At this Archibald's sense of what was fitting asserted itself. "Come, come," he said, "I regret profoundly that I did not frankly avow those two sermons to be Mark's. I do not expect you to forgive me in a minute, but you are generous, sensible, and my wife. We must take up our lives where we left them less than a week ago."
"That is impossible," said Betty.
She felt a great pity for him. The blow must fall with hideous violence, shattering the man's just pride in what he had accomplished. His extraordinary success seemed of a sudden to be transformed into an immense bubble about to be pricked by a word.
And when the word was spoken, when he knew everything, Betty saw what Mark had seen upon the night that the baby was born—the collapse of a personality. The big man who was to fill Lord Vauxhall's Basilica dwindled into a boy with the puzzled, wondering eyes of youth confronted for the first time with what it cannot understand.
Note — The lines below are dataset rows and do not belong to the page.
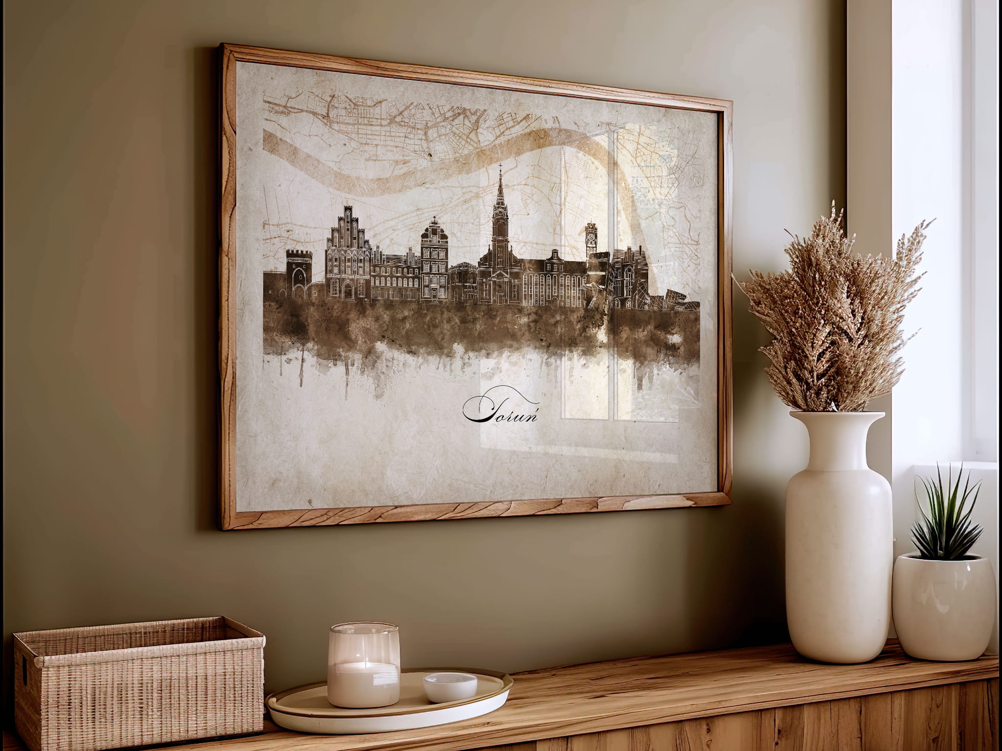 Plakaty skyline w stylu vintage to nowoczesne dzieła sztuki, które nawiązują do estetyki minionych dekad. Przedstawiają miejskie krajobrazy w retro kolorystyce, z wyblakłymi barwami i z delikatną patyną czasu. Kontury są często zmiękczone, a szczegóły budynków lekko stylizowane, co dodaje im nostalgicznego uroku. Tła plakatów utrzymane są w odcieniach przypominających stary papier, z subtelnymi teksturami i ciepłymi, przygaszonymi tonami. Całość tworzy elegancki i przytulny klimat, idealny do wnętrz, które łączą nowoczesność z klasycznym wdziękiem.
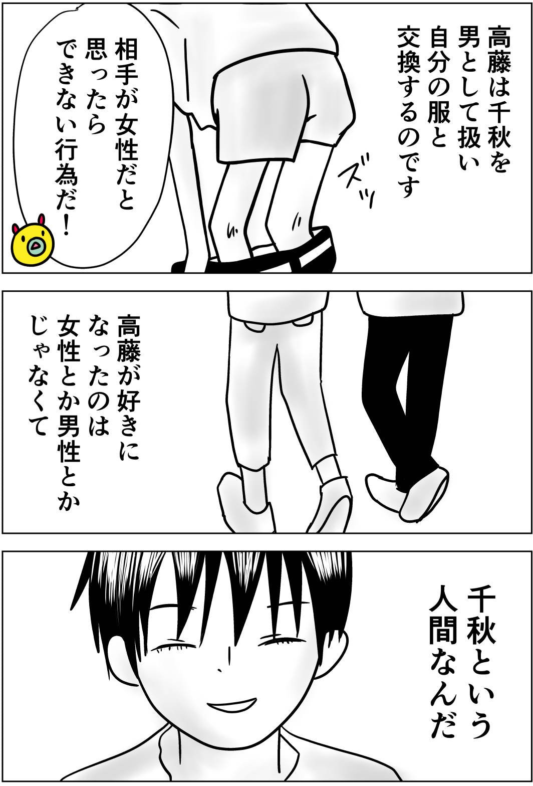 遠田おと先生の『にくをはぐ』は、心と身体の性の不一致に悩む千秋と、千秋の幸せを心から願う父、そして千秋を愛する高藤の三人を描いたヒューマンドラマです。深い愛をもった三人の愛情のすれ違いから結びつきまでが、登場人物の葛藤と行動から見事に表現された名作です。
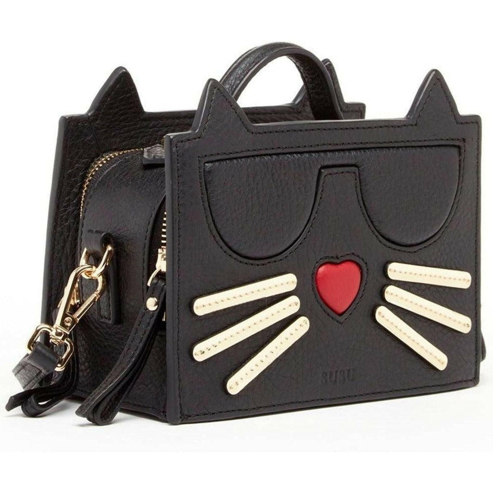 This stylish black cat crossbody bag is made from soft, supple leather. Features a compact design, ideal for everyday use, while the adjustable strap means it can be worn crossbody or over the shoulder. The playful cat design adds a touch of whimsy to any outfit.
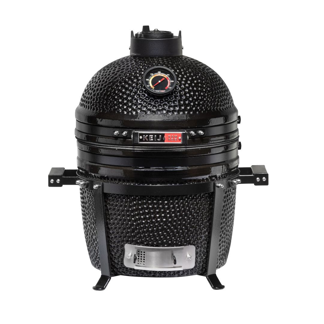 Met deze compacte kamado barbecue geniet je het hele jaar door van heerlijke barbecuegerechten. Door het keramische materiaal verbruikt de barbecue minder houtskool en blijft de temperatuur stabiel, zelfs bij koud weer.
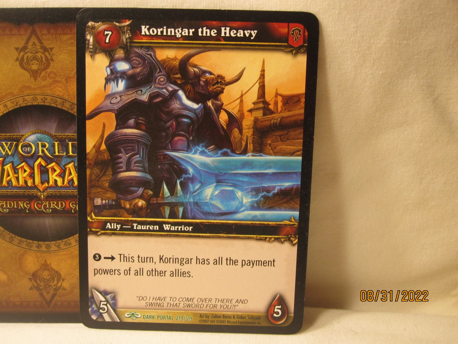 2007 World of Warcraft TCG Dark Portal card 219/319 Koringar the Heavy
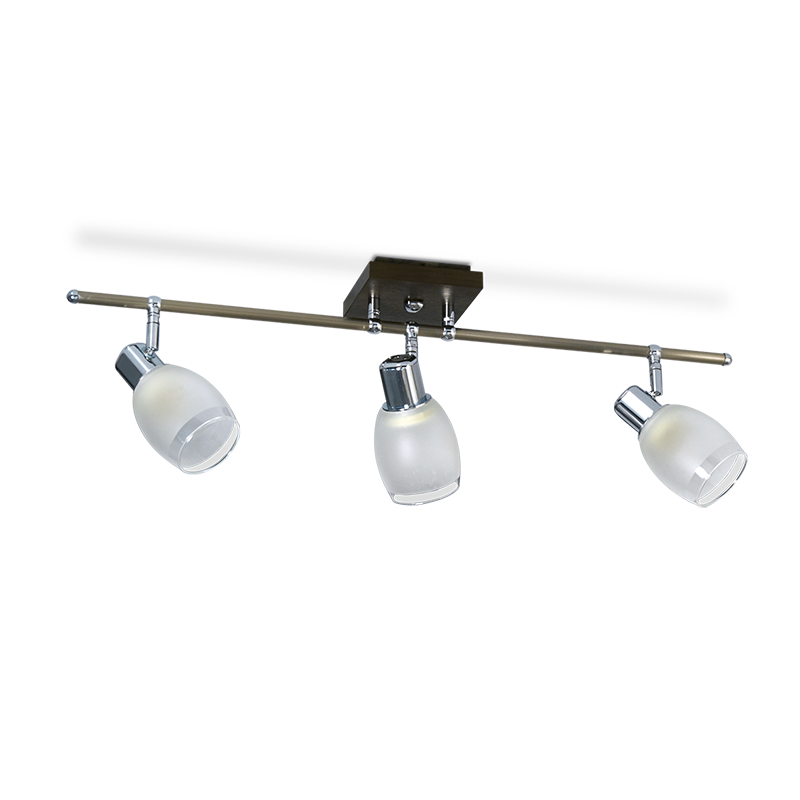 Sistema de iluminación con 3 luces, spots dirigibles y tulipas de vidrio que permiten ajustar la dirección de la luz para una iluminación versátil y elegante.
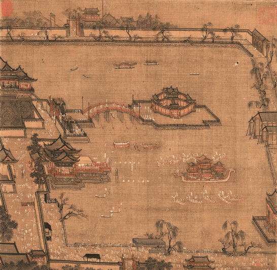 《金明池争标图》传为北宋画家张择端所绘,描绘了宋代皇家园林金明池里龙舟争标的激烈、紧张气氛。
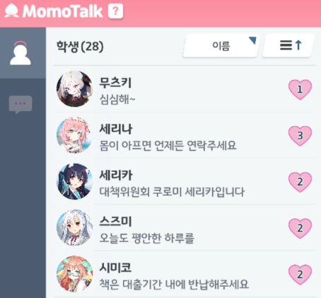 또 캐릭터 호감도작을 올릴수도 있다.(보유 캐릭터만 가능)
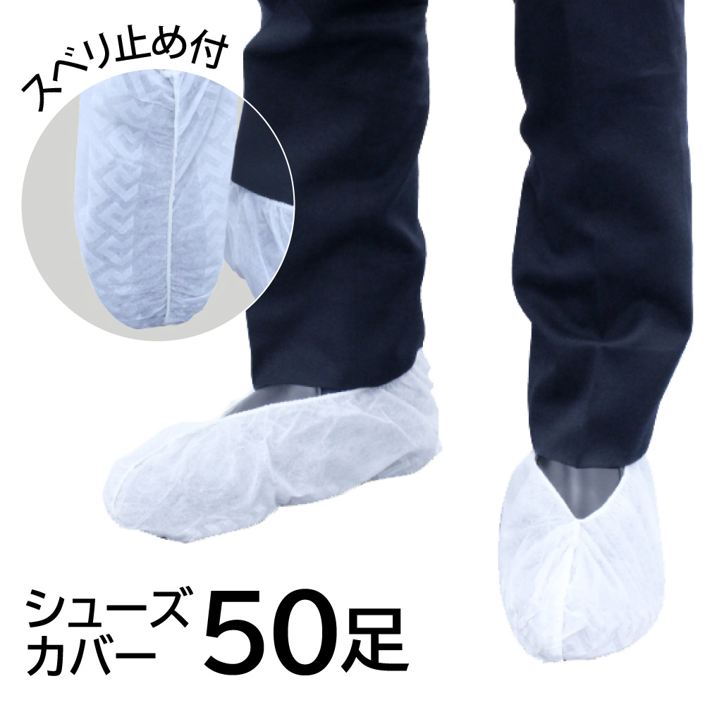 アゼアス シューズカバー (短) すべり止め付 AZCLEAN1802 50足入 使い捨て 不織布製
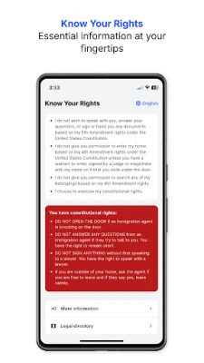 - This app is not affiliated with any government agency. It is for general informational purposes only and is based on publicly available resources from legal advocacy organizations. - Information is derived from reputable non-profit legal organizations and legal advocacy groups that assist individuals facing deportation. - Privacy Policy: https://www.lawfully.com/privacy-policy-know-your-rights
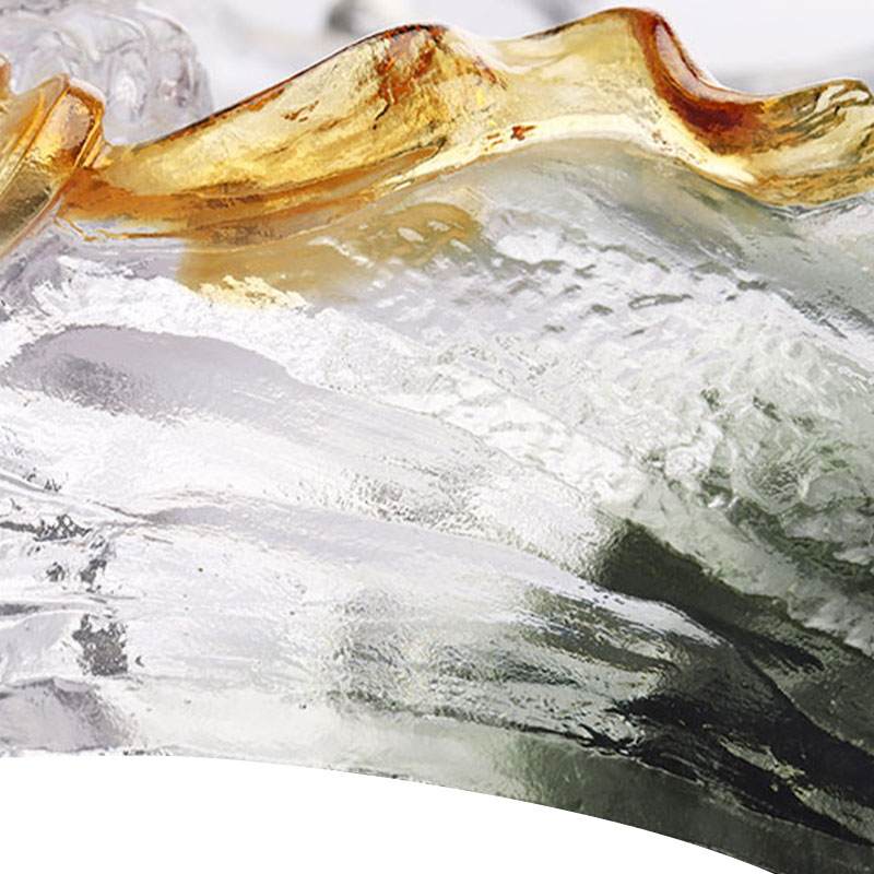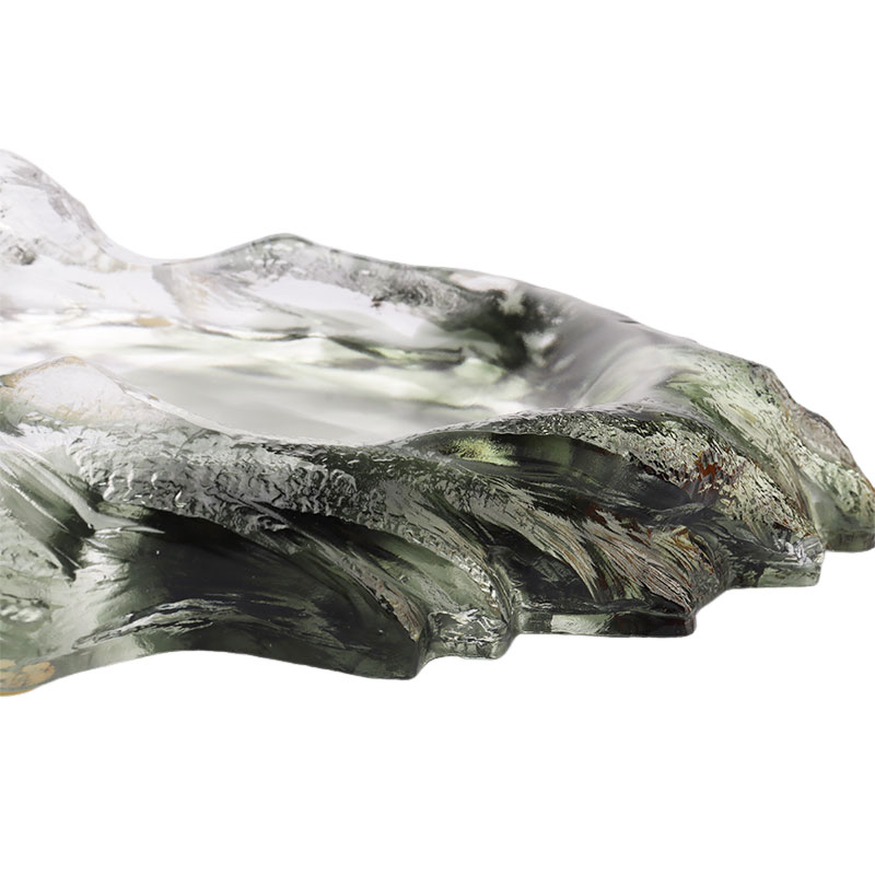 Denne fruktfaten i glass er omhyggelig laget med den eldgamle tapte voksmetoden. Fruktfatet er i form av en oval tallerken, med bølgende mørkegrønne fjell som danner tallerkenkroppen. Fargen er dyp og stille, som om den kondenserer dybden og mystikken til fjellene og skogene.
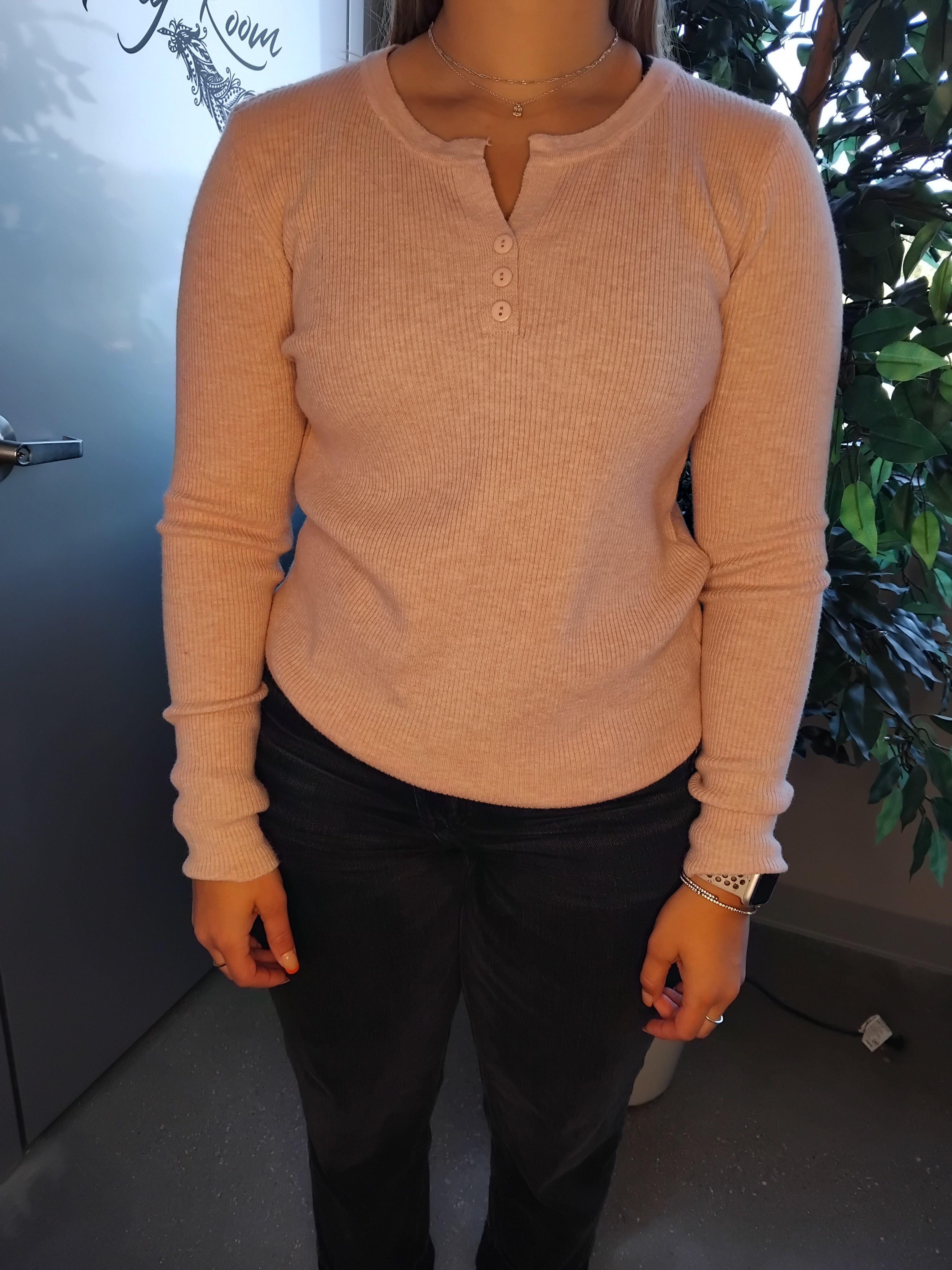 Say hello to the new Kym Soft Henley Top with Buttons. This super soft must-have essential is lightweight and features ribbed knit fabric and button details. Materials: Acrylic/Polyester/Nylon.
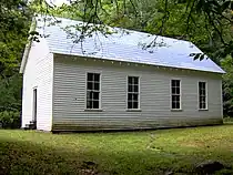 By 1900, the population of Cataloochee had grown to 764. The Cataloochee School was too small to handle the growing population, and in 1906 the township sent a delegation consisting of Hiram and George Caldwell and Steve Woody to Waynesville to demand a newer, larger school. Officials in Waynesville rejected them, however, claiming they didn't pay enough taxes. On the way home, the three drank a bottle of whiskey, and decided to burn down the schoolhouse. After removing the furniture, they set the building ablaze, and moved classes to the old Caldwell cabin. They then re-petitioned the government in Waynesville, claiming their school had burned down, and asked for a new one. Due to North Carolina's mandatory attendance laws, the government had no choice but to comply.[18] Known as the Beech Grove School, the structure still stands today along Palmer Creek.

Betty felt old enough to be his mother, when he stammered out: "You—you have done this thing?"
"I might have done it," she answered gently.
He broke down.
"I have lost my brother and my wife," he groaned. "my brother and my wife."
Instantly Betty realised what Mark had always known—the weakness of the colossus. And this knowledge that she was the stronger took the chill from her heart, restoring magically her moral circulation. Looking at him, she wondered how she could have blinded herself to his true proportions. She had deemed him a Titan!
"What are you going to do?" he asked presently.
"That is for you to say. If you choose to put me from you——"
He interrupted her.
"You would go to him."
"No."
He rose up and began to pace the room, glancing furtively at his wife, who never moved. Suddenly, seizing her arm, and speaking in a loud, trembling voice, he exclaimed: "Mark is dead—you understand that? Say it; say it!"
"Mark is dead," she repeated sombrely.